2014-08-11

Ceph on USB thumb drives

Ceph is an open source distributed object store mean to work at huge scales on COTS (common off the shelf) hardware. It works in huge datacenters, so why not dust off an old netbook, plug in 12 USB flash drives and have at it.
The netbook is an Acer AspireOne (Intel Atom N270 1.6 GHz, 1 Gig RAM, 160Gig HD). What follows are the config changes made in ceph.conf before running the ceph-deploy command. The ceph version is Firefly 0.81. Since this is a one machine cluster I needed to tell ceph to replicate across OSDs and not across hosts.
[default]
osd crush chooseleaf type = 0 

I messed up setting the default journal size. At first I thought: Pfft. Journal, make it tiny – it just robs space. And my 4MB (yes four megabytes) journal made the cluster unworkable. With the tiny journals and default settings I could never reliably keep more than two OSDs up and data throughput was terrible. I rebuilt with 512MB journals instead.
[osd]
osd journal size = 512 

The machine was way underpowered. So I tuned a few other things. The authentication cephx was turned off. There are risks to this but this is a hobbyist project on a secured subnet.
[default]
auth cluster required = none
auth service required = none
auth client required = none

The cluster uses a ton of memory and CPU when recovering objects. It helps to limit this activity somewhat.
[osd]
osd max backfills = 1
osd recovery max active = 2 

And since things could get a bit slow I increased a few timeouts:
[osd]
osd op thread timeout = 180
osd op complaint time = 300
osd default notify timeout = 240
osd command thread timeout = 180

I was not able to get 2G flash keys to come up. Given the price of 8G sticks is only five bucks this isn’t much of a limitation. I suppose I could use LVM striping to join a bunch of 2G sticks together into a larger unit.

The speed is not all that quick. Ceph –w reports the write speed about 3 megabytes per second. That doesn’t sound like much except the data pool I was testing on writes three copies of the data – six if you count journaling. A lot of things could affect speed: tiny memory, slow CPU, slow USB sticks and/or the USB bus being saturated.
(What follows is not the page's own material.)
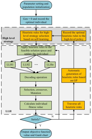 The hyper-heuristic algorithm is a new optimization method. It is an automatic method for selecting or generating heuristics to solve computational search problems. It can solve cross problem areas [21]. It is widely used in vehicle routing [22], nurse scheduling [23], reinforcement learning [24], production scheduling [25,26] and has great application potential.
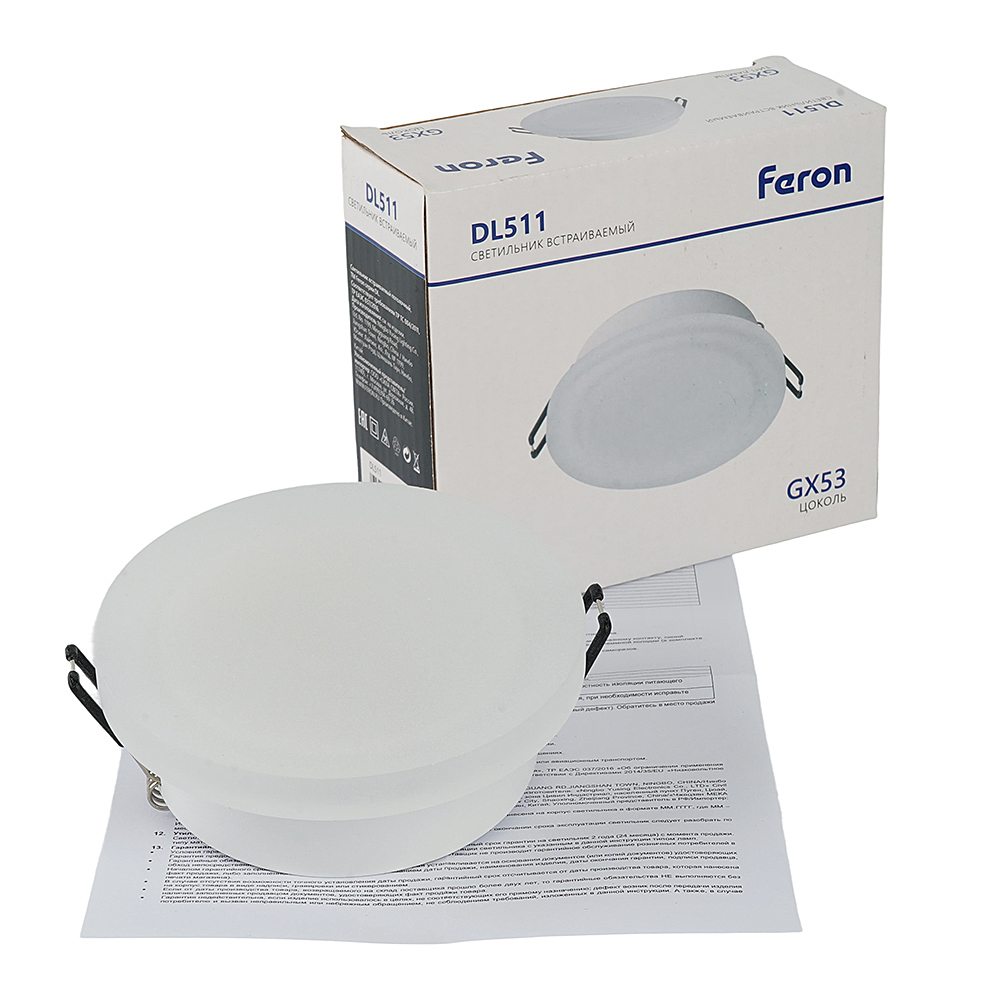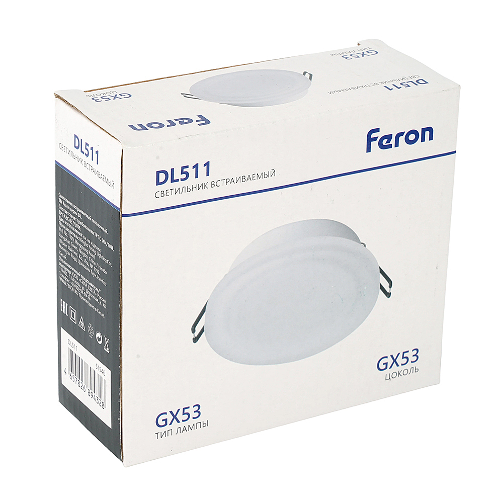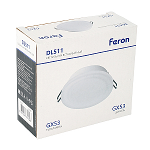 Светильник потолочный встраиваемый (-) FERON DL511, под лампу GX53 GX53, белый, круг, 105*105*36 мм, монтажн.отв. 0*--мм, монтажный диаметр 95мм, корпус алюминий, акрил, неповоротный

This config uses XFS on the USB sticks where BTRFS might perform better. While the speeds look poor, remember that ceph OSDs don’t report that a write is successful until the object is written to both the media and the journal. I could probably mitigate this double write by: having fewer OSDs by joining up groups of USB sticks with LVM stripes and/or moving the journal to a different device – right now ceph is using the USB sticks both for data and journal.
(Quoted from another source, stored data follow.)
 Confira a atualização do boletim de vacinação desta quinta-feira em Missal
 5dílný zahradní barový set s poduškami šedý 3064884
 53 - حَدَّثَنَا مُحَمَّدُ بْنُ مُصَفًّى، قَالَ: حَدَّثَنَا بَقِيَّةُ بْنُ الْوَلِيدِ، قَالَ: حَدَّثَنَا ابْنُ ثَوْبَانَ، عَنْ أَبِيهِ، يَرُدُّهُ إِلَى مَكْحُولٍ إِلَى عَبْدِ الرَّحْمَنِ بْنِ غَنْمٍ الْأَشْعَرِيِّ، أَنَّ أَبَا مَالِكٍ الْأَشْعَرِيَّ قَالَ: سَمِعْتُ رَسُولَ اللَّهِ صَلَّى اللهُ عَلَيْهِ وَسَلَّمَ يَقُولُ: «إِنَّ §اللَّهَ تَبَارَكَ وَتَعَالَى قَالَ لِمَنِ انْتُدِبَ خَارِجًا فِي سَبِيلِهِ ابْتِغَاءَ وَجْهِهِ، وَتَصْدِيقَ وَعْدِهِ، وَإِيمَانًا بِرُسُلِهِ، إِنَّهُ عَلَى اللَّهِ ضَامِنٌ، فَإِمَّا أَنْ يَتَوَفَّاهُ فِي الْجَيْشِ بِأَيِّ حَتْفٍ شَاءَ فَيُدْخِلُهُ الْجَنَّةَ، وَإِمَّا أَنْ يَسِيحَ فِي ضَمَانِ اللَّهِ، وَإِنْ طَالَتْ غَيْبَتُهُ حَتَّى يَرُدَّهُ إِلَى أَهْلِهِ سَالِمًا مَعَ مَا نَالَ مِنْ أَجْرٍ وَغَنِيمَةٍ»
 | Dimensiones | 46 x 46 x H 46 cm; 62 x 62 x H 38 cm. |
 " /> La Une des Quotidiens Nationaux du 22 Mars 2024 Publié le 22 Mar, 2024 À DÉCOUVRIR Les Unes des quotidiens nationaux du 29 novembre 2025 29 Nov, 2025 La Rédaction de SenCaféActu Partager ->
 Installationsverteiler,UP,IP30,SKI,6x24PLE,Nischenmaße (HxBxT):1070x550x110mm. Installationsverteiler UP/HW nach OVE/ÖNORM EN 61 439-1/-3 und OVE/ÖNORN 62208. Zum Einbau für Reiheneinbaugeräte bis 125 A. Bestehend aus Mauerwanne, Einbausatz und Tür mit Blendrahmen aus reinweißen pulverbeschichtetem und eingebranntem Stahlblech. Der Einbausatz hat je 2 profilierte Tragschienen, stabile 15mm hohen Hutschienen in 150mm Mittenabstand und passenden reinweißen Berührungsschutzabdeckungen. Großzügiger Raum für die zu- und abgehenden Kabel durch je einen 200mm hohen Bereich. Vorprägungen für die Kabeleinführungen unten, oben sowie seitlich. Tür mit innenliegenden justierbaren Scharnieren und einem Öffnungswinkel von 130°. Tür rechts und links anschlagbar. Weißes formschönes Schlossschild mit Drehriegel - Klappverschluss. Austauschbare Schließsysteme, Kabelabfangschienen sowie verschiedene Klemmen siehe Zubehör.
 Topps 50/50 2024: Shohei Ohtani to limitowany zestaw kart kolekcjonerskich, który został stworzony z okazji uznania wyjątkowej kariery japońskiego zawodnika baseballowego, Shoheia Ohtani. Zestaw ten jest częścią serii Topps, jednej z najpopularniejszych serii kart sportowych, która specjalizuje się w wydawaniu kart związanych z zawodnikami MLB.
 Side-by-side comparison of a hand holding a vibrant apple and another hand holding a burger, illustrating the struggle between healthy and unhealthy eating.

I stress tested RADOS by adding objects until the store filled up. It’s robust and not a single OSD timed out of the pool. As of writing this blog I am currently testing untarring linux kernel sources to the ceph filesystem – I’ll keep you posted.

My future plans are to expand the cluster utilising old hardware I have lying about. I’d like to add at least two more nodes – but they won’t necessarily be USB thumb drive backed.